2. M. C et Mme B, de nationalité nigériane, déclarent être entrés en France le 19 mai 2019 et le 13 juin 2019. Ils ont sollicité des autorités françaises leur admission au séjour au titre de l'asile en raison de craintes en cas de retour dans leur pays d'origine. Leurs demandes d'asile ont été rejetées par décisions de l'Office français de protection des réfugiés et apatrides du 11 janvier 2022. Par arrêtés du 3 juin 2022, le préfet de la Marne les a obligés à quitter le territoire français dans un délai de trente jours et a fixé leur pays de destination. Les intéressés demandent au tribunal d'annuler et ces arrêtés.

Sur l'admission à l'aide juridictionnelle provisoire

3. Aux termes de l'article 20 de la loi du 10 juillet 1991 relative à l'aide juridique : " Dans les cas d'urgence (), l'admission provisoire à l'aide juridictionnelle peut être prononcée soit par le président du bureau ou de la section compétente du bureau d'aide juridictionnelle, soit par la juridiction compétente ou son président ". Mme B et M. C ont été admis au bénéfice de l'aide juridictionnelle totale par une décision du 9 septembre 2022 du bureau d'aide juridictionnelle du tribunal judiciaire de Châlons-en-Champagne. Il n'y a, dès lors, plus lieu de statuer sur sa demande d'admission provisoire au bénéfice de l'aide juridictionnelle.

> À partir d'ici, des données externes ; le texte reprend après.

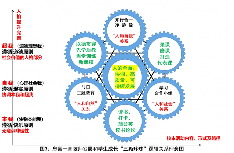 就像人格結(jié)構(gòu)里的本我、自我和超我一樣,三者相互交織,構(gòu)成人格的整體。當(dāng)三者處于協(xié)調(diào)狀態(tài)時(shí),人格表現(xiàn)出一種健康狀況;當(dāng)三者互不相讓,產(chǎn)生敵對(duì)關(guān)系時(shí),就會(huì)產(chǎn)生心理疾病。而教師與學(xué)生的發(fā)展也是一個(gè)由“本我”到“自我”最終達(dá)到“超我”境界的過程。這需要“六顆珍珠”的相互結(jié)合、相互照耀,“六顆珍珠”是實(shí)現(xiàn)人格提升完善的內(nèi)容、形式及路徑。
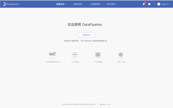 企业用户需要把某一个「数据源」的数据迁移到一个或多个「数据目的地」,此时用户可通过创建「数据任务」在DataPipeline实现数据迁移的工作。

Sur les conclusions aux fins d'annulation :

4. Par un arrêté du 14 septembre 2022, produit lors de l'audience le 14 septembre 2022, le préfet de la Marne a abrogé les arrêtés du 3 juin 2022 portant obligation de quitter le territoire français dans un délai de trente jours et fixation du pays de destination. Par suite, les conclusions à fin d'annulation de ces arrêtés sont devenues sans objet. Il n'y a, dès lors, plus lieu d'y statuer. Il en va de même, par voie de conséquence, pour les conclusions à fin d'injonction des intéressés.

Sur les frais du litige

5. M. C et Mme B ont été admis à l'aide juridictionnelle, il y a lieu, dans les circonstances de l'espèce, et sous réserve que Me Gabon, avocate des requérants, renonce à percevoir la somme correspondant à la part contributive de l'Etat, de mettre à la charge de l'Etat le versement à Me Gabon de la somme de 1 200 euros au titre des dispositions des articles L. 761-1 du code de justice administrative et 37 de la loi du 10 juillet 1991.

D E C I D E :

Article 1er : Il n'y a pas lieu de statuer sur les conclusions à fin d'annulation et d'injonction des requêtes de M. C et Mme B.

Article 2 : Sous réserve que Me Gabon, avocate de M. C et Mme B, renonce à percevoir la somme correspondant à la part contributive de l'Etat, ce dernier versera à Me Gabon une somme de 1 200 euros au titre des dispositions des articles L. 761-1 du code de justice administrative et 37 de la loi du 10 juillet 1991.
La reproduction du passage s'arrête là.